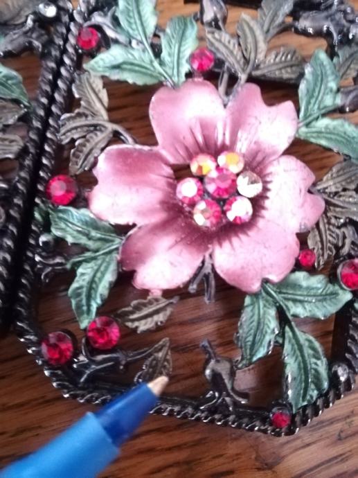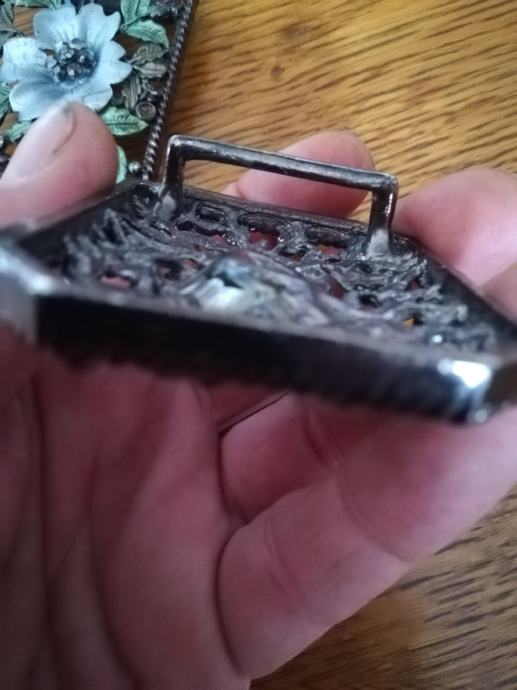 Ukrašeni željezni dijelovi. Dekoracija ili nakit. Nije starina. Dijelovi sa cvijetnim motivom: crvenom fali jedan list(pokazujem kemijskom na fotki), srebrni je potpun i križ isto. Dimenzije šir:5cm, duž:7cm. Križ:6x4,3cm. Sve zajedno kao komplet košta 70e, pojedinačno crveni 30e, srebrni 40e i križ 20e. Cijena je fiksna. Na sms nemogu odgovoriti, najbolje bi bilo da me nazovete 099 687 5657 ili pošaljete poruku preko Njuškala.
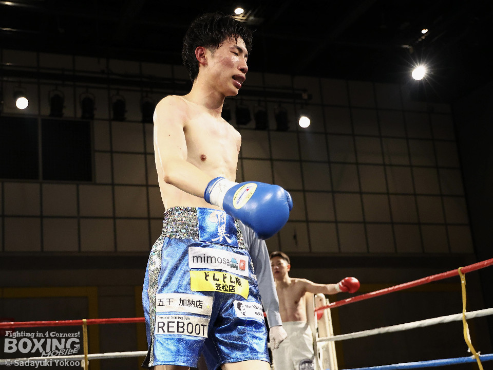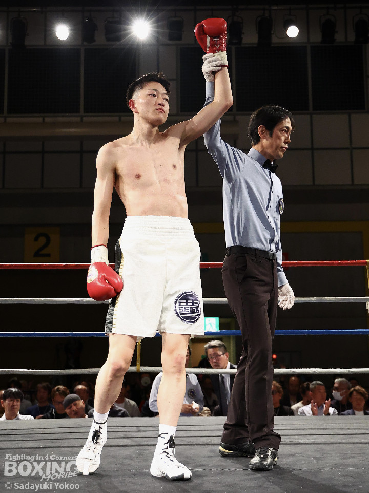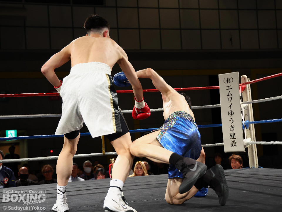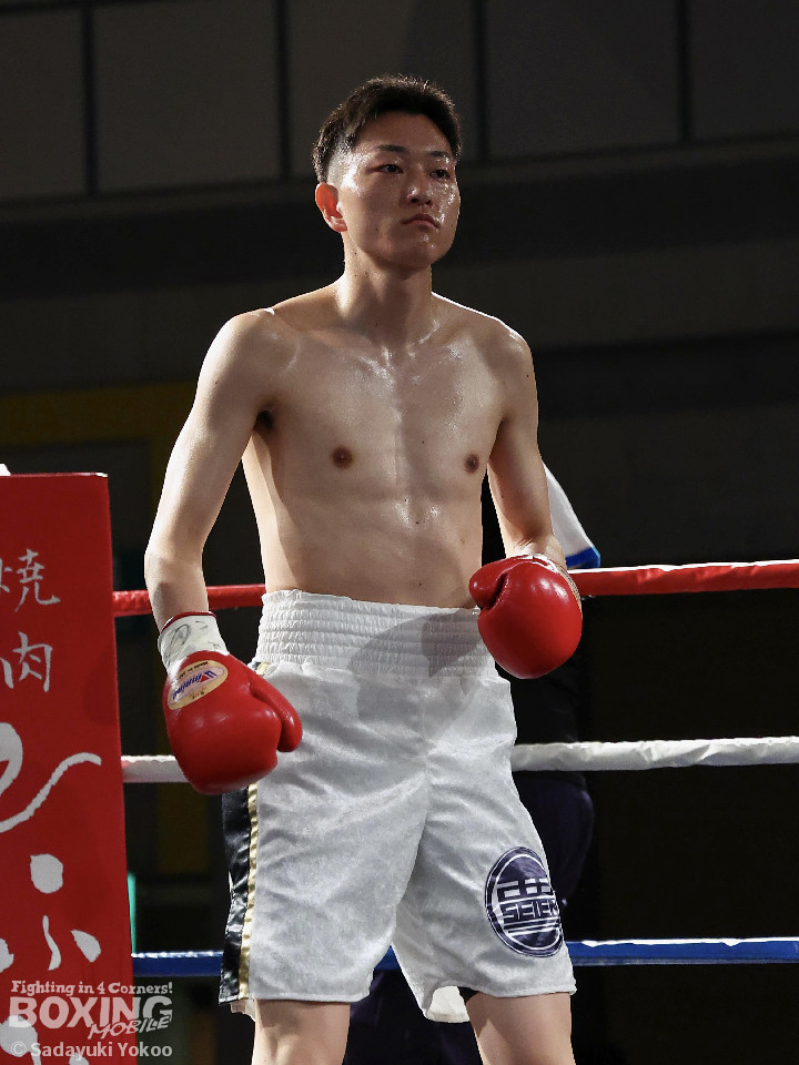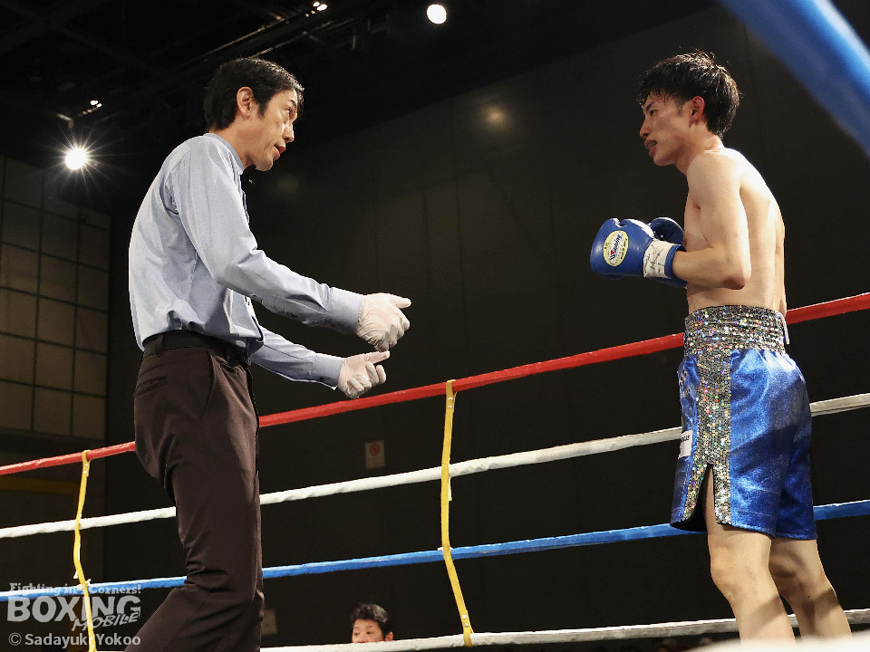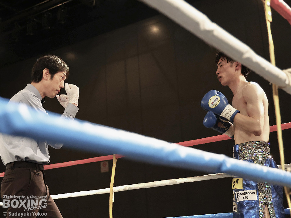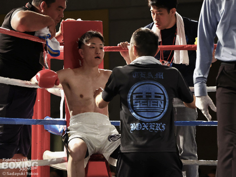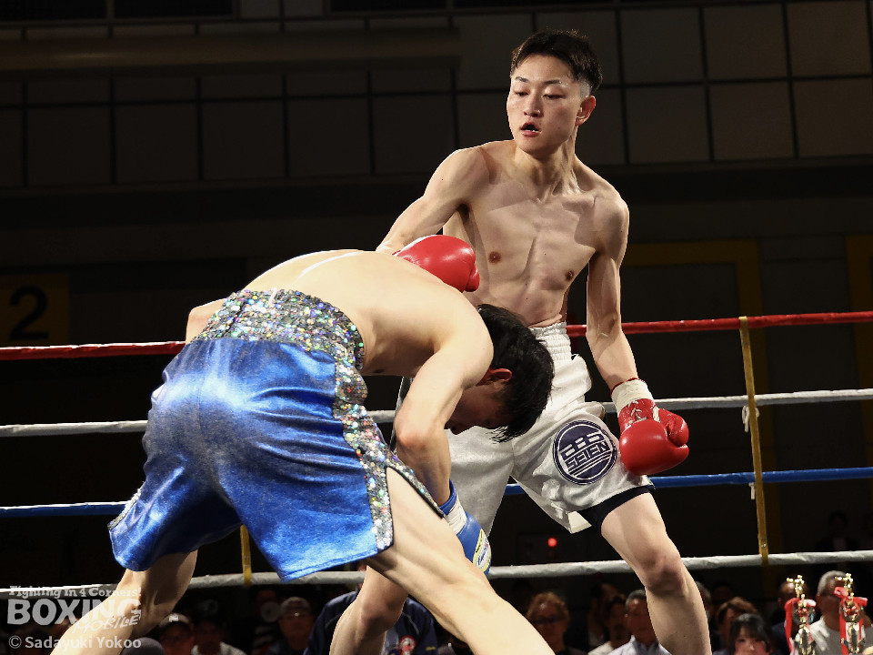 試合:青山がサークリングしながらトリッキーな動きでペースを乱しにいくのに対し、サウスポー中井はやりにくさを感じながらも単発の左ボディストレートをヒット。2回、中井は左ストレートで突き放すと左アッパーを合わせてダウンを先取。3回、中井はパンチをまとめて2度目のダウンを奪取。立ち上がった青山だがレフェリーはストップした。
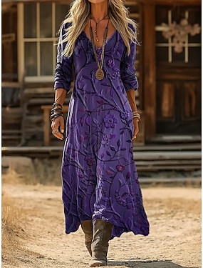 Pentru femei Rochie Lunga Rochie Maxi Rochie Boho Rochie casual Rochie etnică Epocă Zilnic În aer liber Vacanță Fit regulat Floral Manșon Lung În V Mov Vară Primăvară Toamnă

● **Activity**
The data above, line by line: transcribe it exactly and drop the pictures.

● **Answer to this exercise**
 Ukrašeni željezni dijelovi. Dekoracija ili nakit. Nije starina. Dijelovi sa cvijetnim motivom: crvenom fali jedan list(pokazujem kemijskom na fotki), srebrni je potpun i križ isto. Dimenzije šir:5cm, duž:7cm. Križ:6x4,3cm. Sve zajedno kao komplet košta 70e, pojedinačno crveni 30e, srebrni 40e i križ 20e. Cijena je fiksna. Na sms nemogu odgovoriti, najbolje bi bilo da me nazovete 099 687 5657 ili pošaljete poruku preko Njuškala.
 試合:青山がサークリングしながらトリッキーな動きでペースを乱しにいくのに対し、サウスポー中井はやりにくさを感じながらも単発の左ボディストレートをヒット。2回、中井は左ストレートで突き放すと左アッパーを合わせてダウンを先取。3回、中井はパンチをまとめて2度目のダウンを奪取。立ち上がった青山だがレフェリーはストップした。
 Pentru femei Rochie Lunga Rochie Maxi Rochie Boho Rochie casual Rochie etnică Epocă Zilnic În aer liber Vacanță Fit regulat Floral Manșon Lung În V Mov Vară Primăvară Toamnă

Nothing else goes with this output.